- Stored dataset items -
☆ ☆ ☆

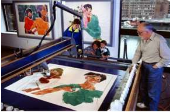
Görsel 28: Harold Cohen, Bilgisayar Çizimi Resim Yapımı, 1995, Bilgisayar Müzesi, Boston Amerika.

geliştirilmesiyle renkli baskılar yapılmaya başlanmıştır. Öncelikle bu çizimler basit şekillerden oluşmuştur. Daha sonra, programın yenilenmesiyle insan, bitki, obje ve iç mekân gibi suluboyayı andıran resimsel görüntüler elde edilmiştir (Görsel 28-29). Bu program sayesinde oluşturulan eserlerin yapay zekâ
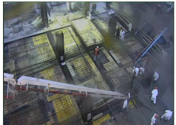
Vista parcial obra gruesa losa cuarto piso.

Respecto al avance constructivo de la obra, las imágenes muestran faenas representativas del desarrollo del mes.
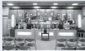
（写真は会館ホール）〈50名～200名〉

小樽別院会館ホールにて通夜・葬儀会場として使用できます。亡き方がくださった大切なご縁をせひ菩提寺にて。 詳細につきましては寺務所までお問い合わせください。
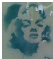
Граффитчики Питера любят поп-арт и Мерлин Монро
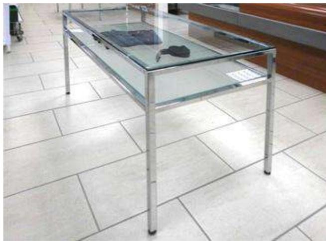
BANCO VETRO TEMPERATO DA 120 con TELAIO SALDATO

Struttura in ferro Cromata completa di piano superiore in vetro temperato e piano inferiore in vetro satinato montato su piedini telescopici. DIMENSIONI: 120 X 60 X 82 H
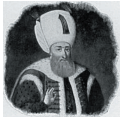
Turecký sultán Sulejman.

V roce 1414 bylo území drnholeckého panství úplně osazeno (až na pustou ves Pavlovice), a to obyvatelstvem téměř výlučně německým. Všechny obce byly poměrně velké. Můžeme si proto představit, jakými
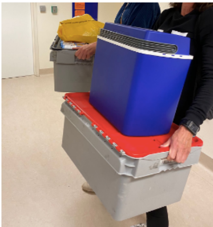
Afbeelding 2: De benodigheden voor een huisbezoek.

Sinds de start van het onderzoek vonden per deelnemer tien bezoeken plaats waarbij bloed werd afgenomen, video's werden gemaakt en er werden vragen aan de deelnemers en hun familieleden gesteld. Voor deze bezoeken werd het vaste onderzoeksteam van het UMCG ondersteund door negen
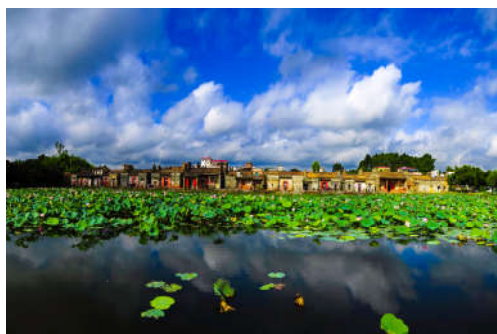
图 7-13 坑贝古村
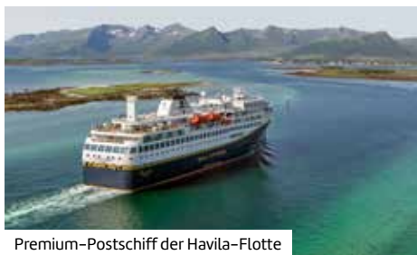
Premium-Postschiff der Havila-Flotte
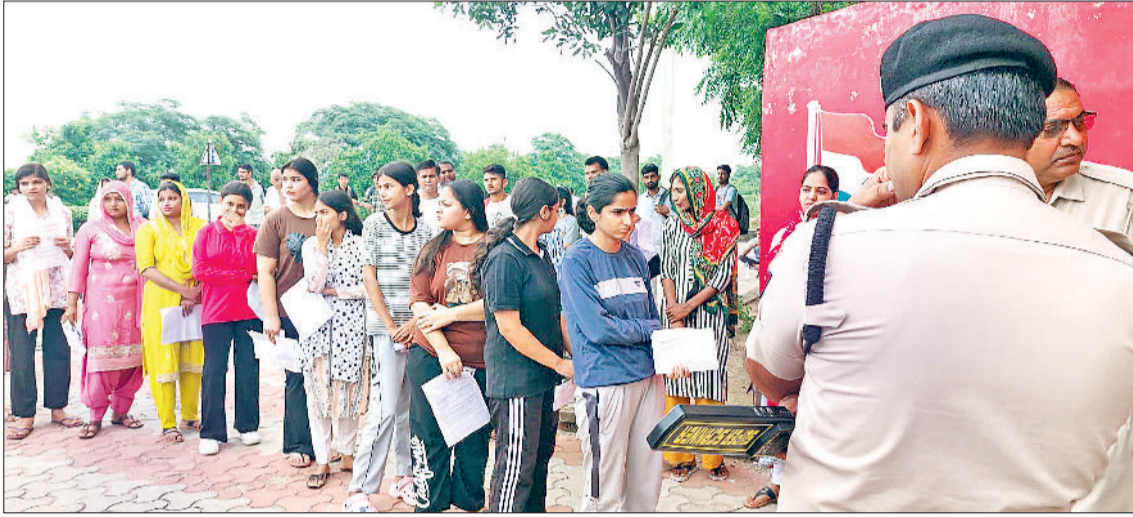
झज्जर। जिले के एक परीक्षा केंद्र के बाहर कतारबद्ध खड़े परीक्षार्थी व सेंटर के बाहर मुस्तेद खड़े पुलिस अधिकारी।

समाजसेवी भी नहीं रहे पीछे- अभिभावकों के लिए किया चाय-पानी का प्रबंध
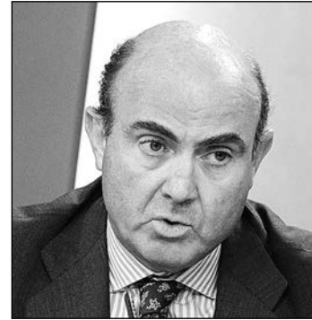
L. de Guindos.

Pero es evidente que Rajoy no está por la labor de abrir una guerra con Cataluña. Lejos de la estrategia que seguiría José María Aznar , el presidente del

☆ ☆ ☆

- Task details -
Output every record verbatim, excluding any picture it contains.

- Result of this task -
Görsel 28: Harold Cohen, Bilgisayar Çizimi Resim Yapımı, 1995, Bilgisayar Müzesi, Boston Amerika.

geliştirilmesiyle renkli baskılar yapılmaya başlanmıştır. Öncelikle bu çizimler basit şekillerden oluşmuştur. Daha sonra, programın yenilenmesiyle insan, bitki, obje ve iç mekân gibi suluboyayı andıran resimsel görüntüler elde edilmiştir (Görsel 28-29). Bu program sayesinde oluşturulan eserlerin yapay zekâ
Vista parcial obra gruesa losa cuarto piso.

Respecto al avance constructivo de la obra, las imágenes muestran faenas representativas del desarrollo del mes.
（写真は会館ホール）〈50名～200名〉

小樽別院会館ホールにて通夜・葬儀会場として使用できます。亡き方がくださった大切なご縁をせひ菩提寺にて。 詳細につきましては寺務所までお問い合わせください。
Граффитчики Питера любят поп-арт и Мерлин Монро
BANCO VETRO TEMPERATO DA 120 con TELAIO SALDATO

Struttura in ferro Cromata completa di piano superiore in vetro temperato e piano inferiore in vetro satinato montato su piedini telescopici. DIMENSIONI: 120 X 60 X 82 H
Turecký sultán Sulejman.

V roce 1414 bylo území drnholeckého panství úplně osazeno (až na pustou ves Pavlovice), a to obyvatelstvem téměř výlučně německým. Všechny obce byly poměrně velké. Můžeme si proto představit, jakými
Afbeelding 2: De benodigheden voor een huisbezoek.

Sinds de start van het onderzoek vonden per deelnemer tien bezoeken plaats waarbij bloed werd afgenomen, video's werden gemaakt en er werden vragen aan de deelnemers en hun familieleden gesteld. Voor deze bezoeken werd het vaste onderzoeksteam van het UMCG ondersteund door negen
图 7-13 坑贝古村
Premium-Postschiff der Havila-Flotte
झज्जर। जिले के एक परीक्षा केंद्र के बाहर कतारबद्ध खड़े परीक्षार्थी व सेंटर के बाहर मुस्तेद खड़े पुलिस अधिकारी।

समाजसेवी भी नहीं रहे पीछे- अभिभावकों के लिए किया चाय-पानी का प्रबंध
L. de Guindos.

Pero es evidente que Rajoy no está por la labor de abrir una guerra con Cataluña. Lejos de la estrategia que seguiría José María Aznar , el presidente del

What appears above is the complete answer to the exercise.